Archie looked back and forth between Malcolm and Miranda, his face now filled with an incredulous, bitter mirth.

“A white girl. So that's it. And you let him think so, didn't you, baby?”

He gripped Miranda's hand in his again, kissing it along the line of her knuckles, then carefully let it go. Retrieving his .45 from the table and placing it carefully in an inner pocket of his jacket before he hauled himself up out of the booth. Moving right at Malcolm, who retreated a couple of steps before him, still holding up his pistol.

“Don't make me shoot you!”

“Red, Red,” he said, shaking his head. “She as colored as you or me. I thought you knew that. Her brother even got a church up here in Harlem.”

“That's a lie!” Malcolm shouted then—thinking even as he did on all those skin creams and complexion whiteners in her bathroom cabinet.
Remembering, now, who it was her face had reminded him of the very first night he met her. That same, nearly white minister from the train—

“But that's what you wanted, wasn't it? Someone thinkin' you were a great white lady. Worshipin' you for it. Wasn't that it?” Archie said, looking back at her now.

“You were the last thing I'll ever love in my life,” he said, and Miranda turned her head abruptly down toward the table again, as if she were dodging a slap.

“You're just tryna trick me!”

“Go ahead an' ask her,” Archie said, shrugging. “She ain't a white girl. Her name ain't even Miranda.”

Archie came toward him—and Malcolm was shocked to see that there were tears flowing freely down his cheeks. He pushed Malcolm's gun casually out of the way, and pulled him into a bearhug, squeezing him until Malcolm thought his ribs might crack. Then he kissed him forcefully on the forehead, and pushed him away.

“I don't care about the money, Red,” he whispered to him. “I just wanted to make sure you was all right. That's the only reason I put it out on The Wire.”

He patted him once on the shoulder, then turned to pick up his hat and walked on out the door. Malcolm standing there with the gun still in his hand, the bar coming alive behind him again.

“Son, you wanna put that away—” the bartender called out— Malcolm ignoring him.

“That ain't true. Is it?” he asked Miranda instead, the words still bubbling out of him. “He just sayin' that to throw me, ain't he—”

But she only looked at him, letting him babble on some more. Her beautiful face nearly hidden in darkness now, silhouetted as it was in the setting sun through the window.

“Goddammit, Red,” she said at last, her voice more sorrowful than angry. “Goddammit, Red. How much of a child can you be?”

“But you said—”


You
said it didn't matter. You said you never met anybody like me, never loved anybody like me, black or white.”

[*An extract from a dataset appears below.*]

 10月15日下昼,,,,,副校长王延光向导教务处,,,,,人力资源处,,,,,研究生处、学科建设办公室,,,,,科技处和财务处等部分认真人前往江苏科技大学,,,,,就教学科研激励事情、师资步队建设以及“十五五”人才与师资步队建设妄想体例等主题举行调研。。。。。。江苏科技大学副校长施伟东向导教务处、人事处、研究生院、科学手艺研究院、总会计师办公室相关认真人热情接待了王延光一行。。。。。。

“I know,” Malcolm said, his mouth dry as cotton against his tongue now. Barely able to look at her there in the booth—tears running down her cheeks now.
So everybody can cry but me.

“I know I said that. But you didn't love me, did you? Ain't that the whole story? You liked bein' the big white lady to me, didn't you?”

“Ah, Red,” she wept, and raged at him. “Ah, you were so god-damned young!”

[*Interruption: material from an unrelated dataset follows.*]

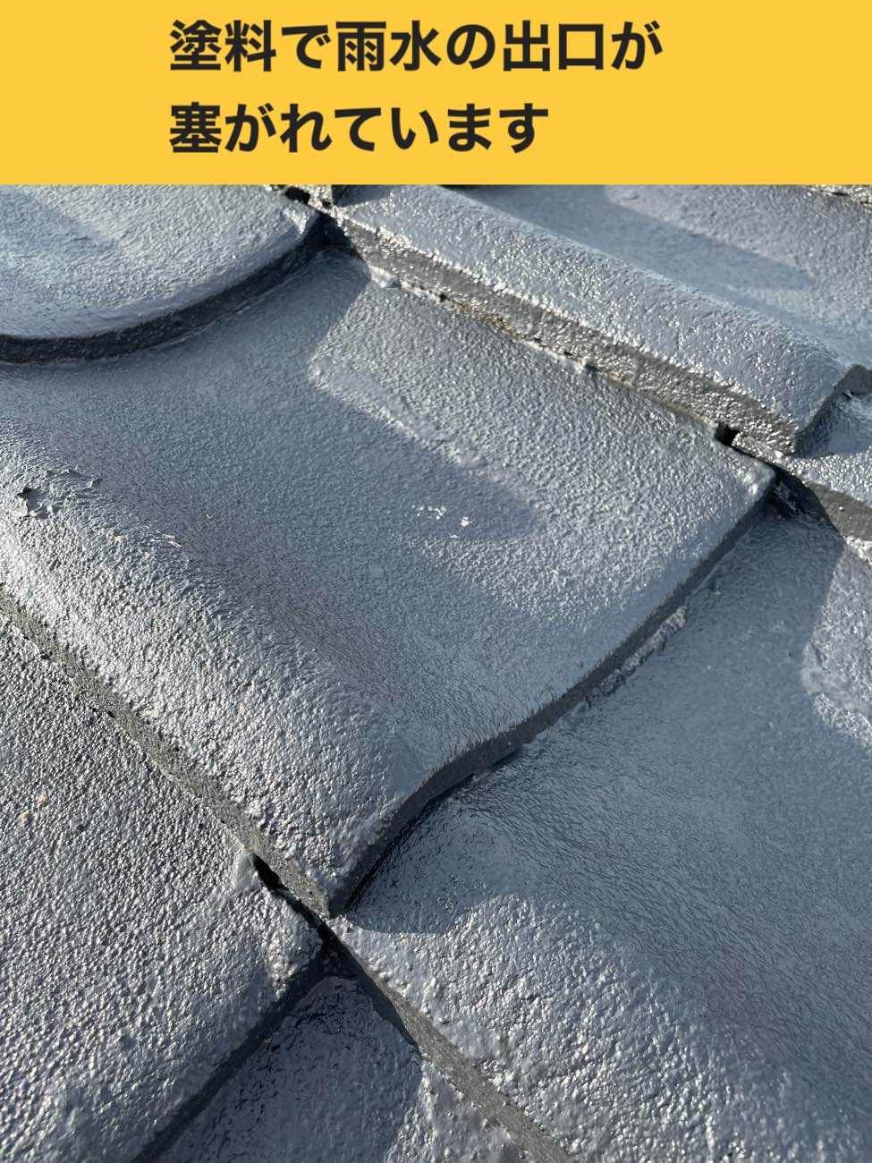 以前の屋根塗装工事の際に、瓦の隙間(雨水の排水出口)が塗料で塞がれてしまっていたのです。

“But you was just playin' with me, wasn't you? And with Archie, too, I suppose. Weren't you?”

She looked down at the table again, unable to say anything else through her tears, and he dropped the gun into his pocket, and followed Archie on out the door of the La Mar-Cheri. Walking slowly, without any real idea of where he was going. Barely noticing the men starting to run past him on the sidewalk, their excited shouts, or the wail of sirens in the distance.